EOFException means the server closed the connection. By default, the server will close any open connection that has been idle for 60 seconds. By default, the server will also close connections where the socket is idle for 10 seconds on a running query.

Your iteration of the record set may be backed up and no socket reads are occurring for 10 seconds. It’s important to iterate through the record set as fast as possible.

It’s also critical to catch all application errors during the query and call RecordSet.close() at the end. RecordSet.close() is required on both success and error paths.

Another question. What is the socketTimeout and totalTimeout values set on that query?

@Brian We are setting 5ms for socket and total timeout ClientPolicy clientPolicy = new ClientPolicy(); clientPolicy.timeout = config.getInt(“Aerospike.connectionTimeout”);

    Policy policy = new Policy();
    policy.totalTimeout = config.getInt("Aerospike.totalTimeout",5);
    policy.socketTimeout = policy.totalTimeout;
    clientPolicy.readPolicyDefault = policy;

    QueryPolicy queryPolicy = new QueryPolicy();
    queryPolicy.totalTimeout = config.getInt("Aerospike.Freqcap.totalTimeout", 5);
    queryPolicy.socketTimeout = queryPolicy.totalTimeout;
    queryPolicy.recordQueueSize = config.getInt("Aerospike.Freqcap.RecordQueueSize", 65535);
    clientPolicy.queryPolicyDefault = queryPolicy;

    return clientPolicy;

and we are overwriting queryPolicy in another aerospike query by default query policy like below

`   return new AerospikeSource(MomentsMarketCache.class,
            statement,
            config.getBoolean("Aerospike.MomentsMarket.isUpdatable"),
            momentsMarketLoaderDelegate,
            new QueryPolicy(),
            config.getInt("Aerospike.MomentsMarket.refreshTimeInterval"));`

Actually We are doing 3 transaction such as 1 read and 2 query operation. The socket and total timeout for 1 read and 1 query operation is 5 ms and another query operation has a default query policy.

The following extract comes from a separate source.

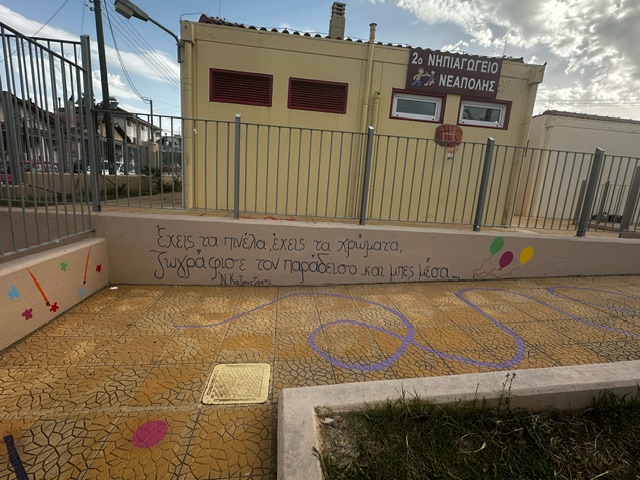 Tο σχέδιο δράσης με θέμα την αναδιαμόρφωση και τον εμπλουτισμό του αύλειου χώρου του Νηπιαγωγείου σχεδιάστηκε και υλοποιήθηκε από το 2ο Νηπιαγωγείο Νεάπολης κατά τη διάρκεια του σχολικού έτους 2023-2024.

A 5ms timeout on a query is extremely aggressive. A single record get retrieves a single record from a single node. A query is issued to all nodes in the cluster and the client assembles the records into a single record set stream. There is at least an order of magnitude more work for queries than single record gets.

The server will close the connection if a query timeout occurs, so that is likely why you are getting the EOFExceptions. I suggest raising the query timeout to a value much much higher than it’s currently set.